I’m new to Tyk and am currently investigating migrating our REST API platform (with a custom, simplistic gateway) to Tyk.
We have some API endpoints which allow completely anonymous access, but for the bulk of the API we want to use OAuth 2.0 managed by Tyk. Is there a simple way to solve this, without setting up some weird routing logic?
Basically, we want the endpoints /users/{id}/avatar, /orgs/{id} and a few others like that to be forwarded by the gateway even if there is no Authorization header. Ideally, we would be able to choose whether to validate the Authorization header or just ignore it, should there be one.
Is there a simple way to do this using Tyk? Seems like there should be, but I’ve been experimenting with different middleware (is that the right term?) using the endpoint designer but cannot seem to figure it out.
Thank you for your reply Yaara, but I’m not sure how this is relevant to my question. I want to excempt certain paths from the requirement of OAuth entirely, or if possible make the Authorization header (and OAuth validation of it) optional.
Hi,
Let me verify my understanding - you want that certain paths will be ignored?
If so - on the API setup under the ‘Endpoint Designer’ tab you need to add the path you want and select ‘Ignore’ from the list.
For example I had created an api for http://petstore.swagger.io and added the following specific endpoint to be ignored: /v2/pet/(.*)
The API itself needs to have authentication enabled under ‘Core Setting’.
For my little test I chose ‘Auth Token’ and when I request http://petstore.swagger.io I get -
Thank you so much! I realize my original question was perhaps a little difficult to understand.
What you’ve described seems to do exactly what I’m looking to do. I did not realize the “ignore” filter/middleware meant authorization would be ignored. Now that I do, that’s an incredibly simple solution. Thank you very much!
I’ve been able to integrate Tyk into our platform, and achieve what I wanted using the “ignore” feature as far as authorization goes. But I have a follow-up question:
As far as I can tell, “ignore” will completely bypass all Tyk logic. This seems to mean that caching, rate limiting etc are also bypassed. Ideally I would like to keep caching active for the “ignored” paths. Is there any way to achieve this?
Basically, what I want to do is allow anonymous access to some methods/paths only, without bypassing all other Tyk logic, such as caching and rate limiting.
Looking at the code if the endpoint is ignored then the middlewares won’t be able to be called so this is a bit of an all or nothing solutionat the moment i’m afraid.
Does that mean that there is no way to achieve what I’m looking for? I recognize that “ignoring” a path will bypass all logic, and that therefore it’s not a viable solution. However maybe thare are other features that could let me achieve anonymous (but cached) endpoints in an otherwise restricted API?
Here are some vague ideas based on my limited understanding of Tyk so far, that maybe could serve as some inspiration for you to suggest solutions.
“Overlay” two separate API configurations, so that one only contains the anonymous endpoints, although I reckon there might be an issue with conflicting paths?
Create two separate API configurations at different base paths, but pointing to the same source service
Some sort of custom authentication middleware/plug-in to mark a request to certain paths as authorized even if it’s not? I’m struggling to understand the (very limited?) documentation on plug-ins.
Changes to the core code of Tyk, but where would I start?
I encounter exactly the same problem as @richardolsson. An API with some secure paths and some not.
With “Auth authoken” authentication, setting up the workaround is quite simple. On the other hand, when the API is secured through OIDC it requires a lot of effort:
create and sign a JWT token with a long life so that it doesn’t expire. Position a custom issuer into the token. This token is added in the Authorization header (point 5 of your workaround)
create a mock API to expose .well-known / openid-configuration urls and JWKS information
configure the workaround you described above
It works, but it’s very expensive.
Is it planned in the roadmap to support out of the box API with secure paths and some not ?
Hi,
Sorry we haven’t reply. I will find out.
Please feel free to open an issue about this on our GH repo and add link to this thread. This way you can track any updates on this issue.

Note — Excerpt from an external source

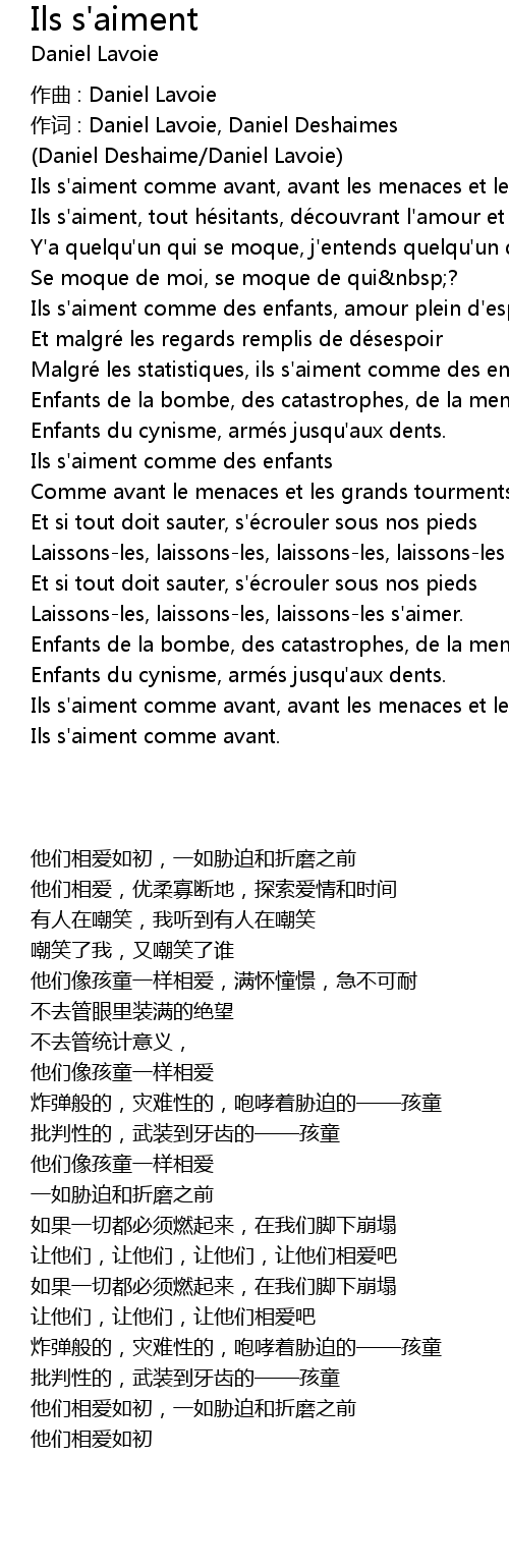 | zuò cí : Daniel Lavoie, Daniel Deshaimes | |

@leon: Really what I’d like to do is have a sibling of ignore that doesn’t actually ignore the request fully, just ignores the auth. It should let the request pass unauthorized.
This way, an authenticated user 1 requesting /users/1 will get detailed information, and an unauthenticated user requesting /users/1 will just get the public information.
Right now, I have to choose between only allowing authenticated calls to /users/1, or making all requests to /users/1 anonymous (using the ignore filter). The fact that caching etc is disabled is a negative side-effect, but not the main issue for me.
It definitely make sense, but not sure what is the best way to achieve this.
You can try to configure 2 Tyk APIs, one open and second with auth. Public endpoint will point to your open API, and inside you will define URL rewrite rule which when authorization header is passed it will internally route to second protected api, and if no header, it will continue working with public API.
Or using small nginx layer which route traffic to different Tyk APIs depending on the header.